REQUIREMENT:
Repeat exactly the lines that run from the start of the records below to the line with "コブスタン遺跡は、海が隆起し", including both of those lines but not the pictures.

PROVIDED ENTRIES:
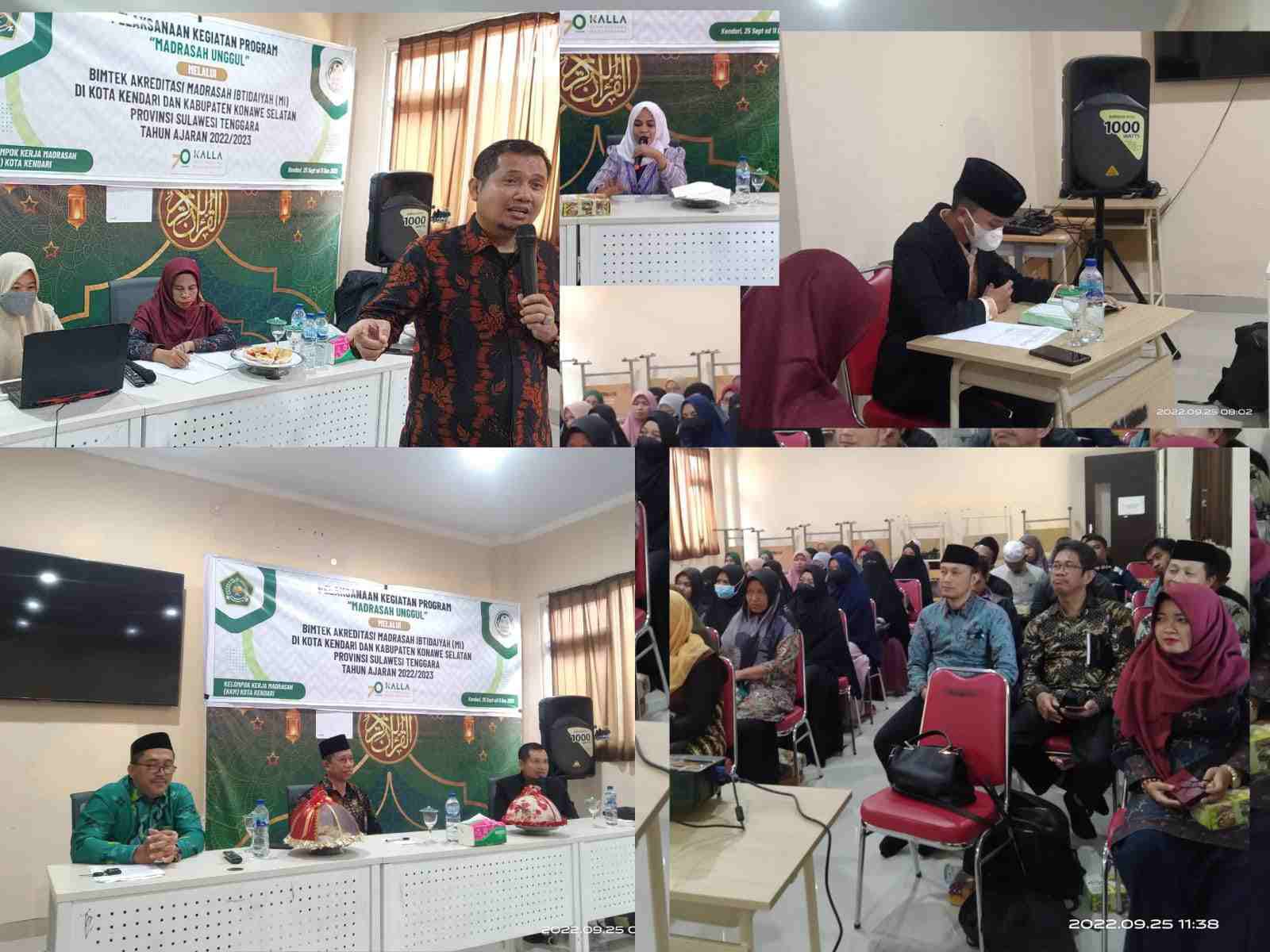 Kendari, (Humas Sultra) — Pelaksanaan Kegiatan Program Madrasah Unggul Melalui Bimtek Akreditasi Madrasah Ibtidaiyah (MI) di Kota Kendari dan kabupaten Konawe Selatan Provinsi Sulawesi Tenggara Tahun Ajaran 2022/2023 pembukaan untuk pelatihan I dilaksanakan di Aula Ma’had MTsN 1 Kendari pada hari Senin, 25 September (25/09/2022).
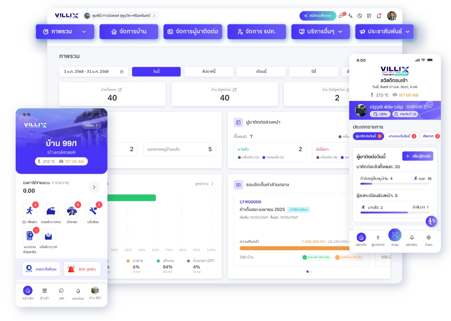 VILLIX ออกแบบมาเพื่อเพิ่มความสะดวกและความสบายให้ทุกคนในหมู่บ้าน ตั้งแต่นิติบุคคล ลูกบ้าน ไปจนถึงทีมรักษาความปลอดภัย—ทั้งหมดในระบบเดียวที่เชื่อมต่อกันอย่างสมบูรณ์
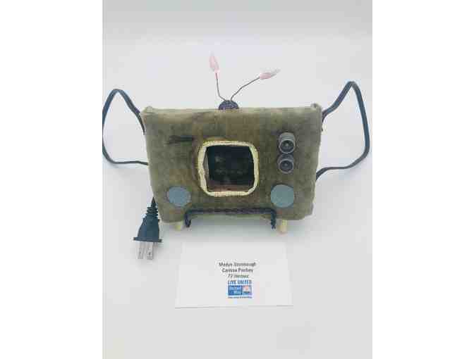Bio: During the stay-in-place order, the TV became the Hero/Savior to many. People found solace in “feel-good” shows, binge watching series and living vicariously through movies. Hence we are showing the TV as a hero and in this interactive mask (turning both “legs” at the same time) the viewer can see some TV character heroes.
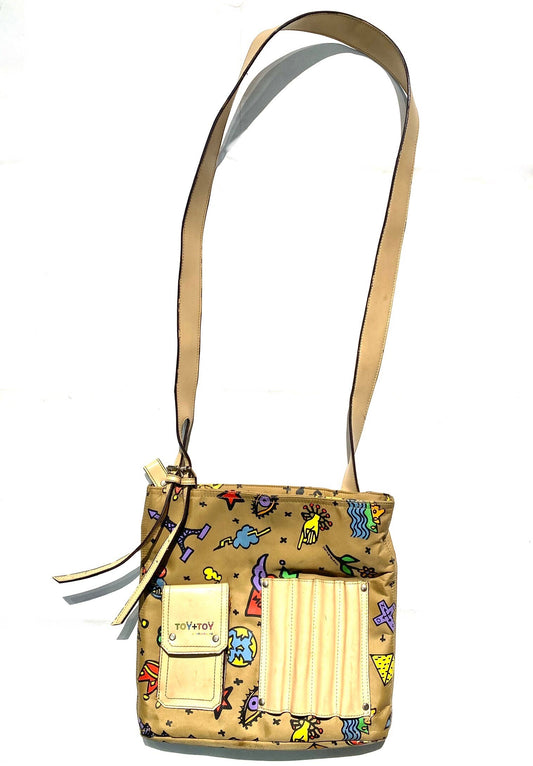 J.L.Castelbajac beige canvas-leather shoulder bag w pop-art comics print allover, great condition
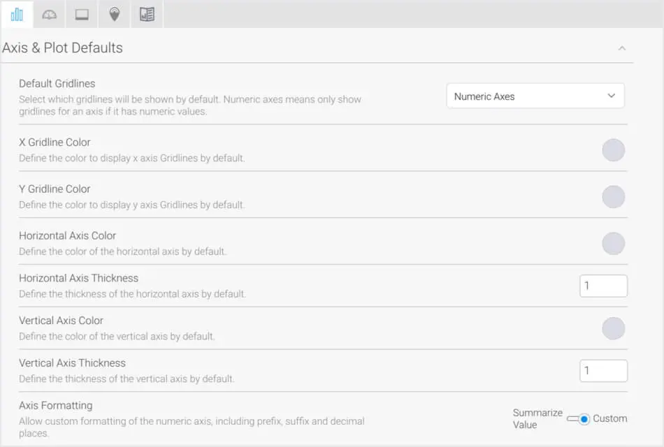 管理者設定レベルでグラフの軸の書式設定を指定できるようになりました。この機能強化の一環として、数値軸の単位が要約されるかどうかを選択したり、カスタムフォーマットを定義することができます。この設定は、ジクの書式設定が 「デフォルト」 に設定されている場合、グラフに適用されます。
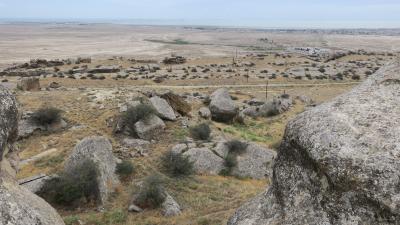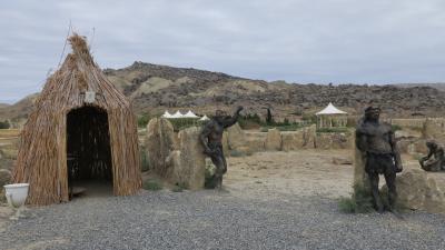 コブスタン遺跡は、海が隆起してできた山で、石器時代から人が住み、岩に岩画を刻み、コミュニケーションをしていたようだ。岩画も6000種を超える。博物館には、それらが説明付きで展示されている。岩山には、岩画のある所が示されており、大変楽しい。カスピ海が眺望できる。
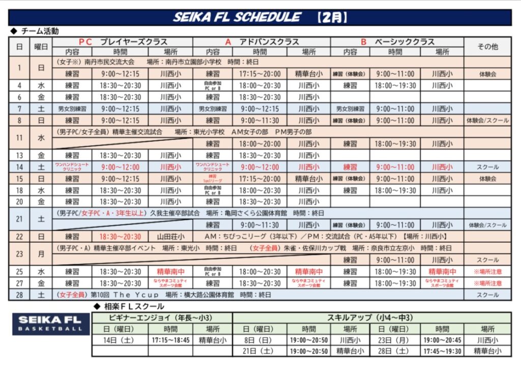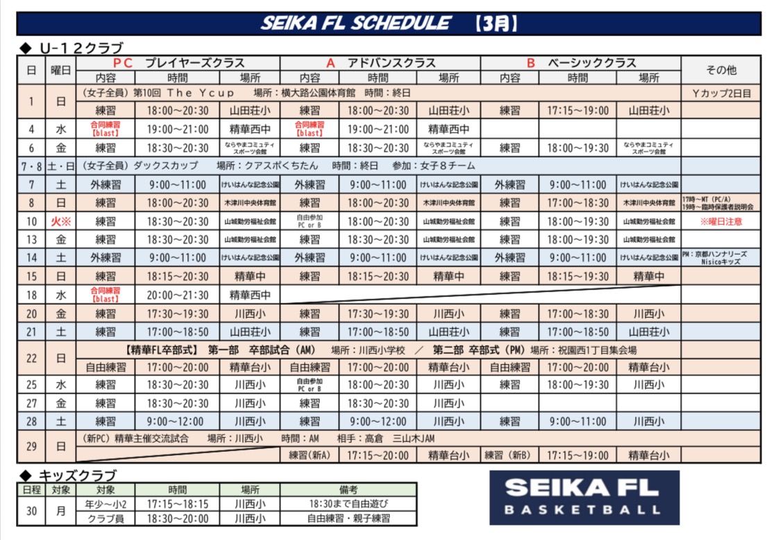 SEIKA FL バスケットボールクラブ ~京都の精華町で活動するクラブチーム~ 【クラブ理念】 安心・安全で、子どもたちがバスケットボールを好きになり、楽しみながら成長できる環境を地域に保証することを理念として活動しています。多くの子どもたちにバスケットボールを体験してもらうため、積極的に普及活動も行っています。 【U12-クラブ】 子どもたちの成長レベルに合わせた3つのクラス分けによる丁寧な指導を行うことで、誰1人取り残すことなく、しっかりと育成することを目指しています。 【キッズクラブ】 幼児を対象としたボール遊び教室(バルシューレ)を行い、まずはボールに触れて楽しんでもらうことをきっかけとして、バスケットボールへの早期導入を目指しています。 5つの育成方針 1. JBA U12指導ガイドラインの遵守2. 成長レベルに合わせた指導体制3. 将来を見据えた指導の徹底4. スポーツ外傷等の予防を徹底5. リスペクト・フェアプレー精神の遵守 BASIC class ベーシッククラス (基礎)最初は楽しくバスケットボール 対 象: 年長~小学2年生(キッズクラブ)小学3~6年生(初心者) 練習日: 水 / 土 / 日 (週3回) 時 間: 平日 18:00~19:30 土日 9:00~11:00 場 所: 川西小学校 精華台小学校 費 用: ¥2,000- /月 ADVANCED class アドバンスクラス (前進)基礎が身に付けば次のステップへ 対 象: 小学3~6年生(中級者) 練習日: (水)/ 金 / 土 / 日 (週3回~) 時 間: 平日 18:30~20:30 土日 9:00~12:00 場 所: 川西小学校 精華台小学校 費 用: ¥2,000- /月 PLAYERS class プレイヤーズクラス (公式戦参加)競技としてのバスケットボール 対 象: 小学4~6年生(中級者・上級者) 練習日: 水 / 金 / 土 / 日 (週4回) 時 間: 平日 18:30~20:30土日 9:00~12:00 場 所: 川西小学校 精華台小学校 費 用: ¥2,000- /月 KIDS club ボール遊び教室(バルシューレ) 「バルシューレ」とは、ボール遊びを通じて運動能力や社会性、自発性などを育むドイツ生まれの教育プログラムです。 リズムトレーニング リズムに合わせて身体を動かし、脳と心を育てる新しい運動遊びです。 対 象: 年少~小学2年生 練習日: 毎週 月曜日 時 間: 17:15~18:15 場 所: 川西小学校 体育館 費 用: ¥2,000- /月 SCHEDULE 最終更新:2月22日 ACCESS 川西小学校 駐車場 体育館西側の駐車場(校外)を使用してください。駐車場は「木津警察署祝園交番」の東側敷地です。【府道22号線から駐車場への進入の目印は歩道橋】 精華台小学校 駐車場 校門から進入して校内の駐車場を使用してください。 STAFF 代表/ヘッドコーチ 山中 徹郎 【主な経歴】 佛教大学体育会バスケットボール部 主将(関西2部)京都実業団バスケットボール選手権大会 優勝(2回)京都実業団バスケットボールリーグ戦 1部 優勝 【現 在】 JBA公認C級コーチ/キッズサポーター バルシューレジャパンC級指導員 社会人チーム 「京都市消防局」監督 全国消防バスケットボール親善大会実行委員会 代表 [大会公式 Instagram↓] Instagram RECRUITING OFFICIAL PARTNER
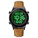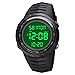 Digital Watch for Men:A stripped-down design with LED display screen, but the watch has multiple functions:Dual time,stopwatch,countdown,date,day,week,daily alarm ,luminous,12/24 hour,EL backlight,easy to read the time at night.
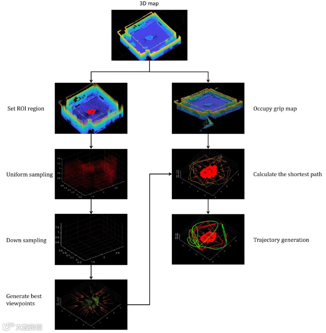 在室内应用中,没有GPS信号。为了实现自主飞行,需要定位系统为无人机提供位置信息。通常,UWB和VICON用于提供位置信息。但是,这些都是外部定位设备,很难在新环境中部署这些设备。为了获得高质量的图像,拍摄点与设施之间的距离应满足检查要求。然而,飞行安全需要保证,在确保飞行路径没有障碍物的同时获得最短路径并不容易。此外,在障碍物密集的室内环境中,生成动态可行的轨迹以遵循路径可能具有挑战性。它对无人机灵活调整主路径以避开障碍物同时满足动态限制提出了很高的要求。针对上述难点,提出一种基于无人机的高效探索后利用系统,可用于室内数据采集。该系统保证了目标设施的覆盖范围,无人机与障碍物之间的防撞以及飞行安全。
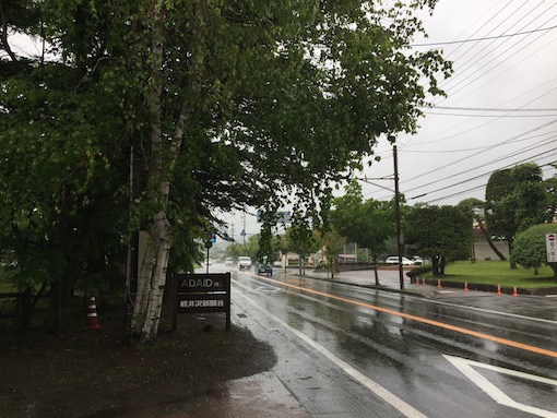 軽井沢は昨晩から降り続いている雨で、道路には大きな水たまりができています。 梅雨前線が関東地方の沿
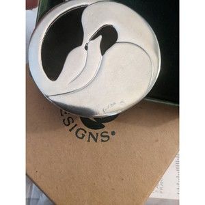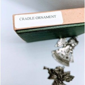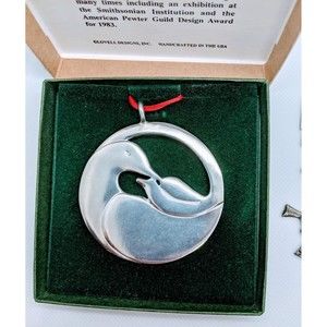 1 New In Box - Never taken out of box - Lovell Designs Pewter CRADLE Ornament Mother Child Bird Ken Kantro Signed on back, still taped down red ribbon, highly polished
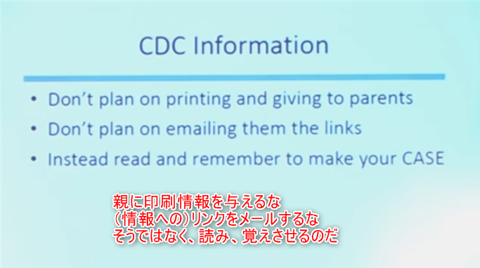 私はメイヨー・クリニックの別のスライドもお見せしましたが、そこでは、情報を与えるのではなく従わせろと。これも、親たちに対する不正行為だと思います。世界中の親についてですね、情報が与えられるのではなく従わせられているのです。
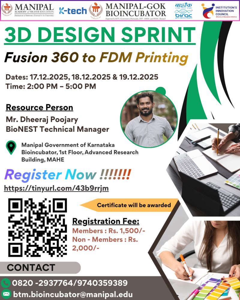 Manipal-GoK Bioincubator –BioNEST is organizing the “3D Design Sprint: Fusion 360 to FDM Printing” workshop, a comprehensive hands-on program designed to guide participants through the complete digital fabrication journey—from designing in CAD to producing a functional 3D-printed model. This immersive three-day training introduces learners to the fundamentals of Fusion 360, enabling them to develop precise sketches, apply constraints and dimensions, and build robust 3D models using essential and intermediate design features. As the workshop progresses, participants will transition from digital modelling to physical realization through an in-depth exploration of FDM (Fused Deposition Modelling) 3D printing. The highlight of the program is a Design-to-Print Challenge, where attendees will apply their newly acquired skills to create, slice, and print a model of their own, with the best performer being recognized during the award ceremony. Designed for students, researchers, innovators, and aspiring product developers, this workshop focuses on building practical competency, creative thinking, and confidence in converting ideas into real-world prototypes. Workshop Details Dates: 17.12.2025, 18.12.2025, and 19.12.2025 Time: 2 :00 PM – 5:00 PM Venue: (On-site) Manipal Government of Karnataka Bioincubator - BioNEST, 1st Floor, Advanced Research Building, MAHE Resource Person: Mr. Dheeraj Poojary,BioNEST Technical Manager,Manipal Government of Karnataka Bioincubator–BioNEST Seats per Batch: 25 Participants Registration Fee: MGOKB Members – ? 1,500/- , MGOKB Non-Members – ? 2,000/- Registration Deadline: 16.12.2025, 5:00 PM Registration Confirmation will be sent on 16.12.2025. Registration link: https://lnkd.in/dZhWEC4y Workshop Curriculum Day 1 – Fusion 360 Fundamentals Day 2 – Intermediate Modelling & Design for 3D Printing Day 3 – FDM Printing, Slicing & Design-to-Print Challenge What Participants Will Get 3 Days of Hands-On Training Fusion 360 Learning Materials (PDF) FDM 3D Printing Basics Guide Access to Fusion 360 Student License (Free) Individual Project Print (1 model per participant) Participation Certificate Competition Entry Winner certificate.
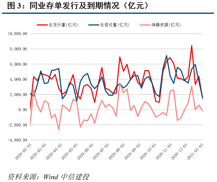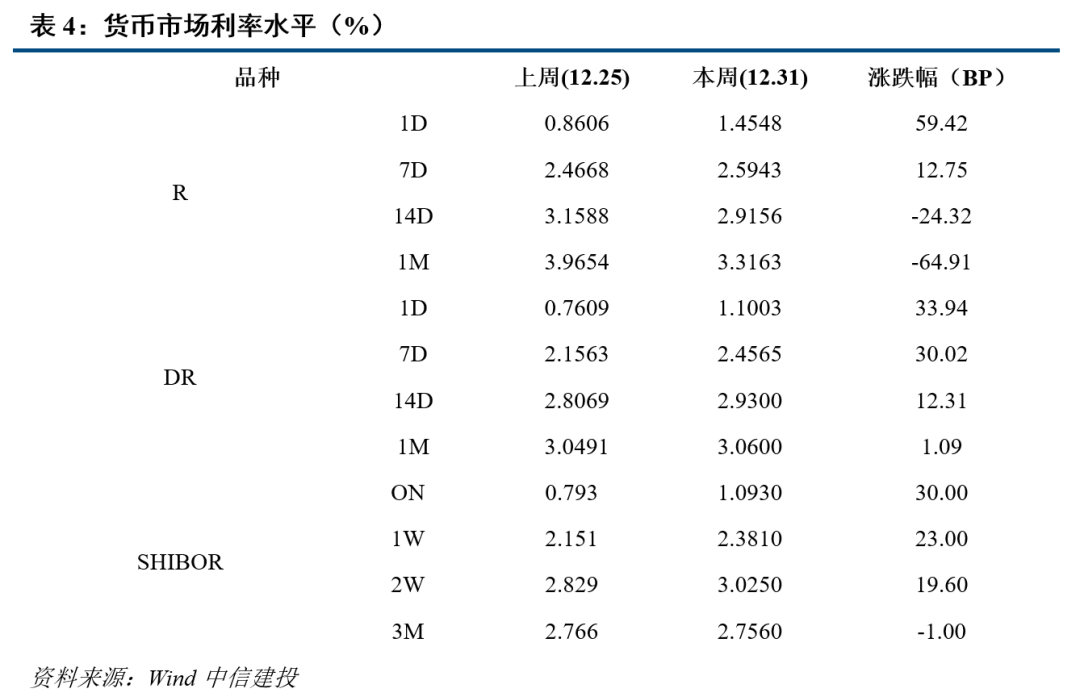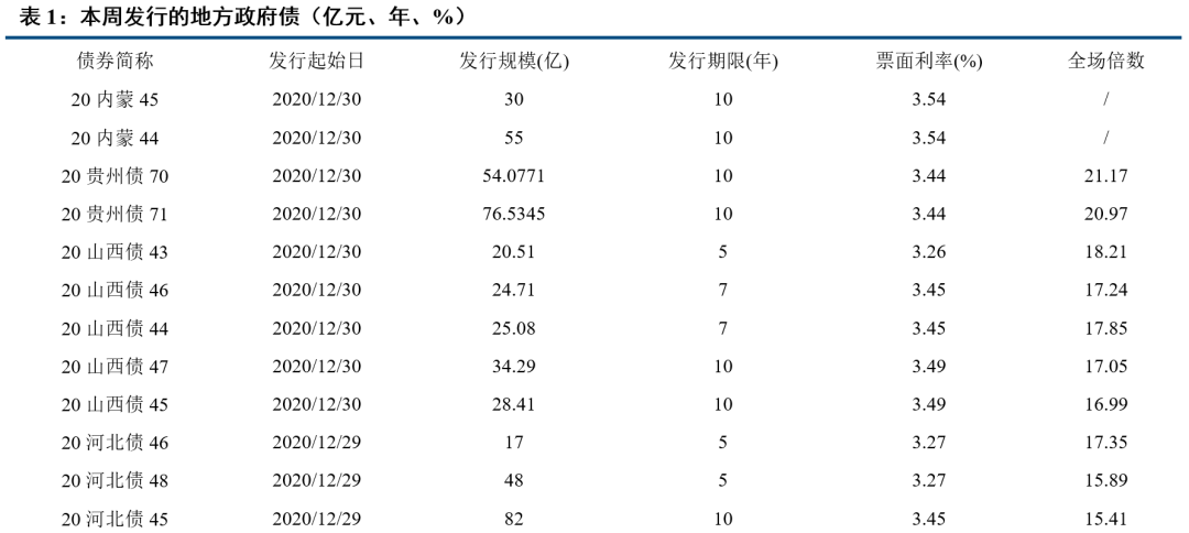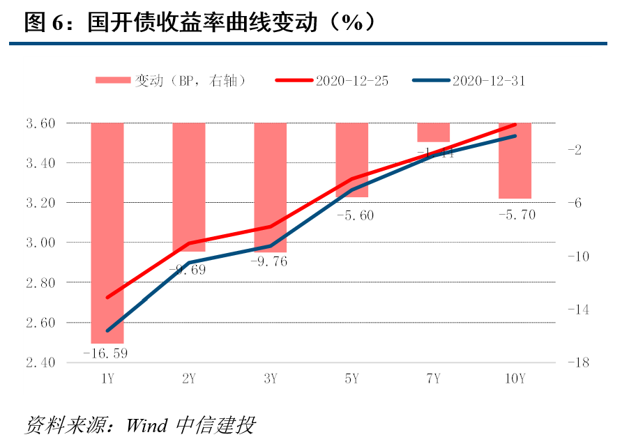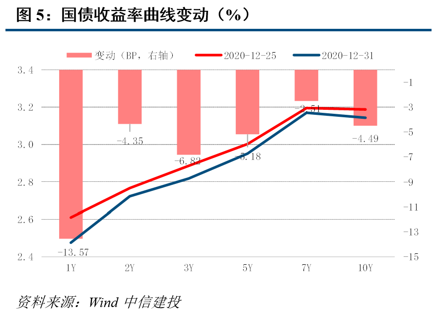 本周(2020年12月28日-2021年1月3日,下同)国债收益曲线整体有所下移。受央行公开市场操作呵护跨年资金面、海外疫情导致风险偏好回落、12月债券供求相对失衡等因素影响,各期限收益率均有下行,中短端表现相较于长端表现更好。具体来说:本周1年期国债收益率下行13.57BP至2.4739%,2年期国债收益率下行4.35BP至2.7226%,3年期国债收益率下行6.82BP至2.8174%,5年期国债收益率下行5.18BP至2.9512%,7年期国债收益率下行2.51BP至3.1699%,10年期国债收益率下行4.49BP至3.1429%,10-1年期限利差继续扩大57.82BP至66.90BP。政策性银行债方面,10年期国开债下行5.70BP至3.5338%,10年期进出口债收益率下行3.22BP至3.6481%,10年期农发债下行1.72BP至3.6540%,政金债长端收益率整体呈现下行态势。本周货币市场利率涨跌互现,由于本周处于年末最后一周,跨年资金压力较大,因此1D期各品种利率出现大幅上行。同时全周来看,7D期以及1M利率均有所上行,1D期涨幅较大,1D期R、DR、SHIBOR利率较上周分别上行59.42BP、33.94BP、30.00BP。

RESULT OF THE TASK:
 Kendari, (Humas Sultra) — Pelaksanaan Kegiatan Program Madrasah Unggul Melalui Bimtek Akreditasi Madrasah Ibtidaiyah (MI) di Kota Kendari dan kabupaten Konawe Selatan Provinsi Sulawesi Tenggara Tahun Ajaran 2022/2023 pembukaan untuk pelatihan I dilaksanakan di Aula Ma’had MTsN 1 Kendari pada hari Senin, 25 September (25/09/2022).
 VILLIX ออกแบบมาเพื่อเพิ่มความสะดวกและความสบายให้ทุกคนในหมู่บ้าน ตั้งแต่นิติบุคคล ลูกบ้าน ไปจนถึงทีมรักษาความปลอดภัย—ทั้งหมดในระบบเดียวที่เชื่อมต่อกันอย่างสมบูรณ์
Bio: During the stay-in-place order, the TV became the Hero/Savior to many. People found solace in “feel-good” shows, binge watching series and living vicariously through movies. Hence we are showing the TV as a hero and in this interactive mask (turning both “legs” at the same time) the viewer can see some TV character heroes.
 J.L.Castelbajac beige canvas-leather shoulder bag w pop-art comics print allover, great condition
 管理者設定レベルでグラフの軸の書式設定を指定できるようになりました。この機能強化の一環として、数値軸の単位が要約されるかどうかを選択したり、カスタムフォーマットを定義することができます。この設定は、ジクの書式設定が 「デフォルト」 に設定されている場合、グラフに適用されます。
 コブスタン遺跡は、海が隆起してできた山で、石器時代から人が住み、岩に岩画を刻み、コミュニケーションをしていたようだ。岩画も6000種を超える。博物館には、それらが説明付きで展示されている。岩山には、岩画のある所が示されており、大変楽しい。カスピ海が眺望できる。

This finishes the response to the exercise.